The bottom line is that you use natural language conversation instead of complex database commands to get structured data answers.

1. Subscribe to this MCP. (If needed, enter your HealthData.gov App Token for higher limits.)
2. Your agent uses the catalog tool to search and list relevant datasets based on a topic or ID.
3. You prompt your agent to query the specific dataset using criteria like sorting or filtering parameters.

## Frequently Asked Questions

**How do I find a specific dataset about 'Medicare'?**
Use the `get_catalog` tool and provide 'Medicare' in the `q` parameter. This will return a list of relevant datasets along with their unique identifiers (dataset_id).

**Can I filter results to only show data from a specific state?**
Yes!

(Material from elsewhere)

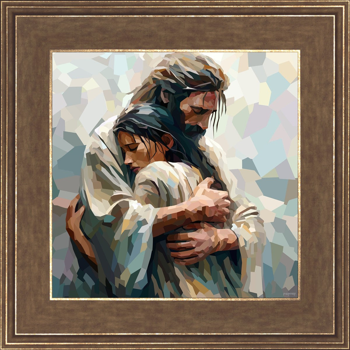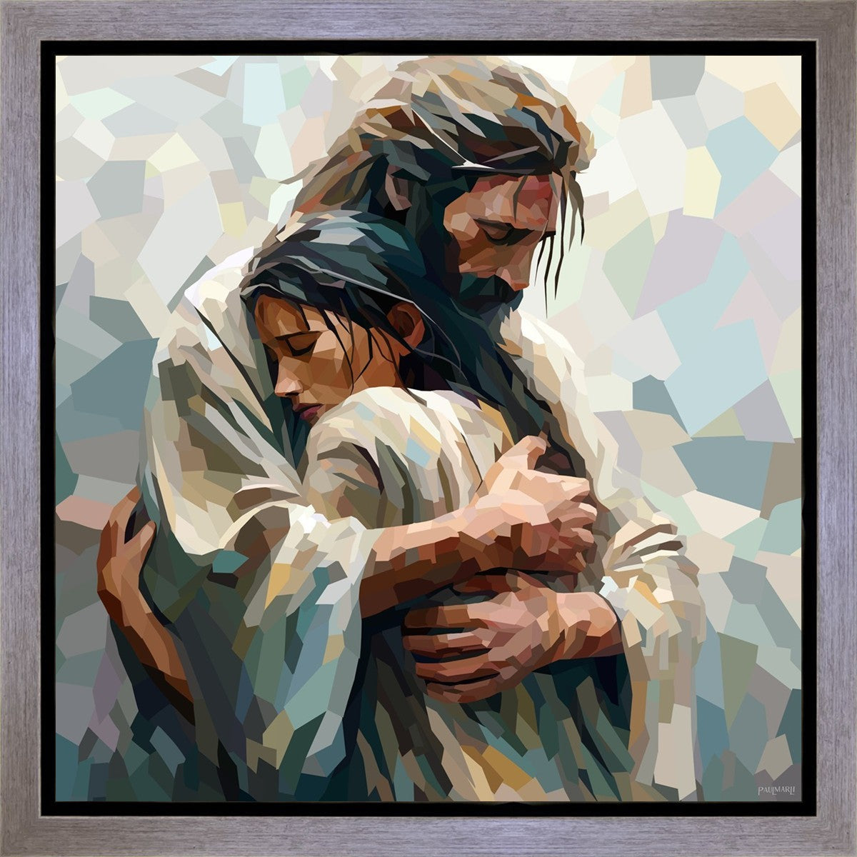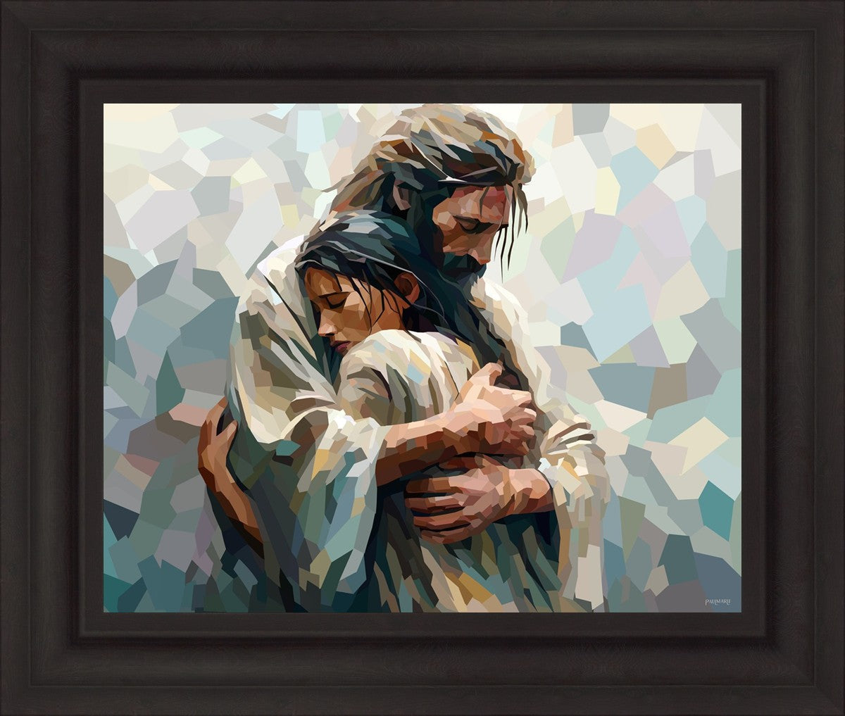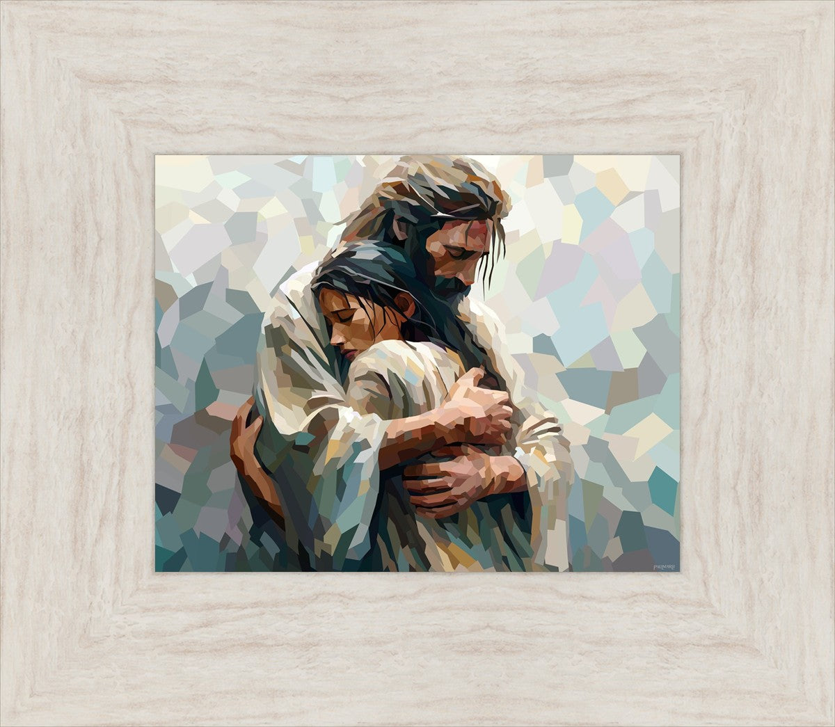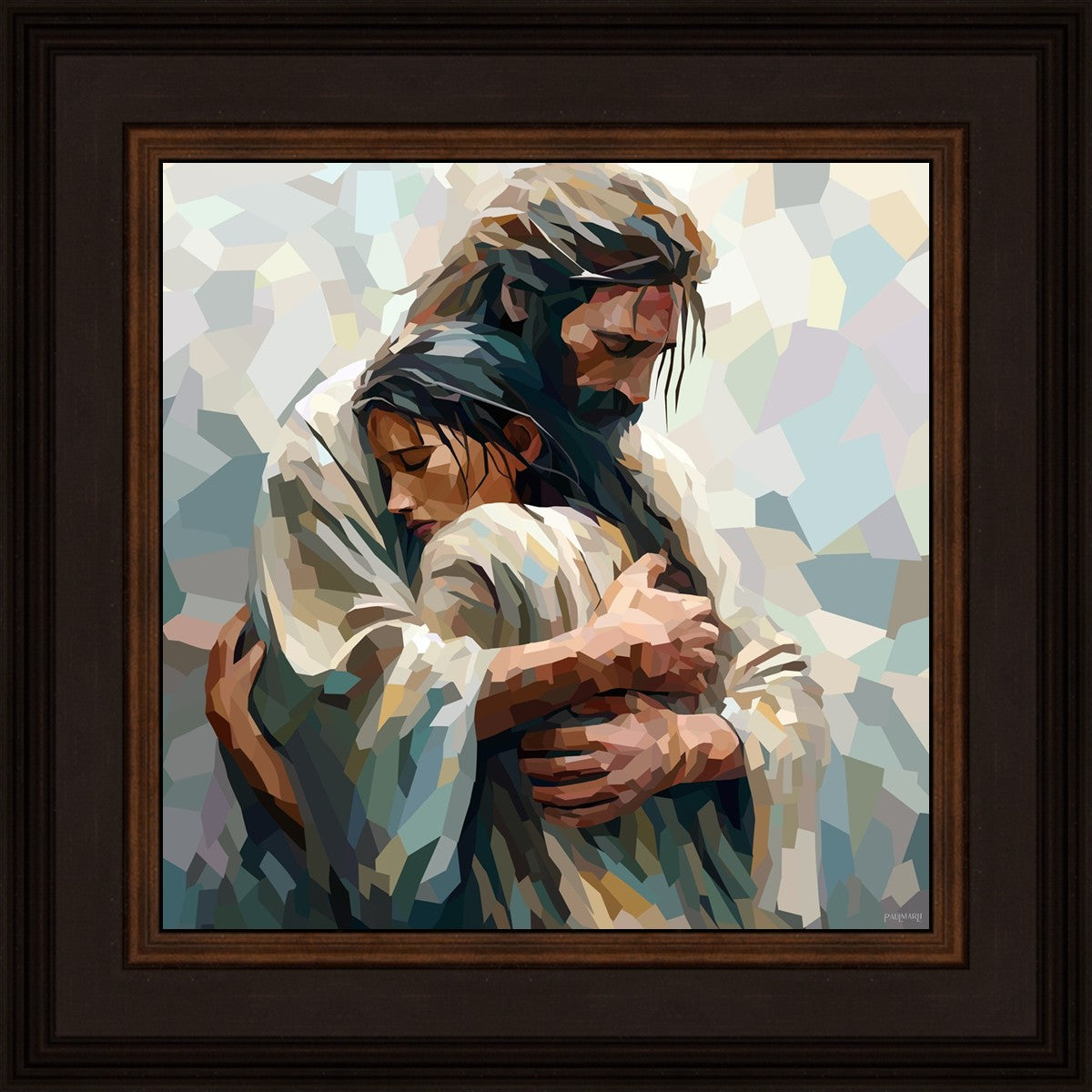 In this particular piece, a woman is embraced by Christ who not only perfectly understands, but perfectly feels every experience (generic or unique) that she has felt.

When using `query_dataset`, use the `$where` parameter with a SoQL filter like `state='NY'`. You can also use `$select` to pick specific columns.

**Is an API key required to access this data?**
No, the data is public. However, providing a `HEALTHDATA_APP_TOKEN` is recommended for higher rate limits if you plan to perform many queries.

**What happens if my queries exceed the default rate limit when I use `query_dataset`?**
The system will return a rate-limiting error. To handle high volumes, you should enter your HealthData.gov/Socrata App Token in the setup options. This token increases your query capacity and helps maintain stable data retrieval.

**Does running `get_catalog` show every single dataset published by the HHS?**
No, it provides access to the main catalog of datasets managed via HealthData.gov. While this is a massive collection, certain specialized or internal departmental data may exist outside of the scope shown here.

**If I get an error when using `query_dataset`, how can I debug my SoQL syntax?**
Check your specific dataset's documentation for precise usage examples. You must ensure that all field names and parameters used in the query exactly match what is available in the target data source.

**When I use `query_dataset`, what format does the returned public health data take?**
The tool returns structured, machine-readable data—typically JSON. This format makes it easy for your AI client to parse and analyze the metrics immediately within the conversation.

**Can I use the information from `get_catalog` in an application outside of Vinkius or my AI agent?**
The MCP is designed specifically for integration with your AI agent. While the underlying data is public, you must connect through a compatible client to execute the catalog retrieval tools.